What's NOT yet implemented (still in the §1-13 design below, tracked for future):
| Guardrail | Design §§ | Status |
|---|---|---|
preflight_check Airflow task |
§3 | NOT implemented. Sample count / memory / time estimates not verified pre-training. |
quick_sample_count helper |
§3 | Not implemented. |
| Runtime slow-run detection | §4 | Not implemented. Relies on Airflow task timeout only. |
CUSUM env var clarity (CVN_CUSUM_TRAINING_ENABLED split) |
§5 | Not done. Current flag CVN_CUSUM_TRAINING_MODE has 5 values. |
| Grafana slow-run alert | §8 | Not implemented. |
Guardrail override mechanism (FORCE_GUARDRAIL_BYPASS) |
§10 | Not implemented. |
| Staged rollout | §11 | Not implemented. |
| Sensitive value masking in logs | §12 | Not implemented. |
The 2026-04-14/15 post-mortem (§1) triggered this design. Since then, new classes of bugs emerged (f1_binary × 3-class mode fail-fast; PTE envelope bounds) and got their own guardrails via ADR-58. The §1-13 design is still the North Star; §0 is the ground truth.
1. Problem Statement¶
Post-mortem: 2 sessions lost¶
| Session | Duration | Samples | Expected | Root cause | Cost |
|---|---|---|---|---|---|
| 14/04 09:25–23:00 | 14h | 28,000 | ~1,000 | CUSUM default=disabled in code | ~€5 |
| 15/04 00:00–06:15 | 6h | 28,000 | ~1,000 | CUSUM mode="enabled" interpreted as "stable" | ~€3.50 |
| Total | 21h | ~€8.50 |
No guardrail caught the problem. Pods trained for hours before anyone noticed the sample count was 28× expected. The pipeline happily ran 400× slower without any alert.
Why this matters¶
At 2-3 FTF sessions per week, each misconfigured session wastes: - €4-8 compute cost - 4-8h calendar time waiting for results - Iteration velocity: 1 day lost per incident
2. Design Principle: Block Defaults, Allow Explicit Choices¶
┌─────────────────────────────────────┐
│ Is the unusual value set by the │
│ FTF factor explicitly? │
│ │
│ _active_factor_env_vars contains │
│ the env var that caused the alert? │
└──────────┬──────────────────────────┘
│
┌───────┴───────┐
│ │
YES NO
│ │
┌─────┴─────┐ ┌────┴─────┐
│ ALLOW │ │ BLOCK │
│ Log info │ │ Fail │
│ Continue │ │ fast │
└───────────┘ └──────────┘
Rationale: When the FTF ablation_runner explicitly sets CVN_CUSUM_TRAINING_MODE=disabled, it's a deliberate A/B test (ADR-56). When the same value appears because of a code default bug, it's an accident that should be caught immediately.

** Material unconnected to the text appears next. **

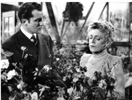
1946 LA ROSE DU CRIME (Moss Rose) de Gregory Ratoff avec Vincent Price

Implementation: Factor Env Var Tracking¶
# In run_factor_crypto (DAG task):
for env_key, env_value in factor.env_vars[variant_name].items():
os.environ[env_key] = env_value
# Pass active factor env vars to all downstream checks
validated["_active_factor_env_vars"] = factor.env_vars[variant_name]
# In any guardrail:
def _is_explicit_choice(env_var: str, validated: dict) -> bool:
"""True if env_var was set by the active FTF factor (not a default)."""
return env_var in validated.get("_active_factor_env_vars", {})
3. Guardrail 1: Pre-Flight Validation Task¶
Position in DAG¶
validate_params → resolve_factors → build_pairs
→ preflight_check (NEW, ~30s) ← fails fast here
→ run_factor_crypto (expensive, ~3 min/run)
→ aggregate → report → notify
Checks¶
| Check | Threshold | Default behavior | Explicit FTF choice |
|---|---|---|---|
| Training samples > 10,000 | 10K | BLOCK | ALLOW (log info) |
| Training samples < 50 | 50 | BLOCK (always) | BLOCK (always) |
| Features > 200 | 200 | WARN (log) | ALLOW (log info) |
| Estimated memory > 24Gi | 24Gi | BLOCK (always) | BLOCK (always) |
| Unknown env var value | whitelist | BLOCK (always) | BLOCK (always) |
| Estimated time > 30 min/run | 30 min | WARN + Slack | ALLOW (log info) |
Implementation¶
@task()
def preflight_check(validated: dict, pair: dict) -> dict:
"""Fast validation before expensive training. ~30 seconds."""
import logging
import os
import sys
logger = logging.getLogger("airflow.task")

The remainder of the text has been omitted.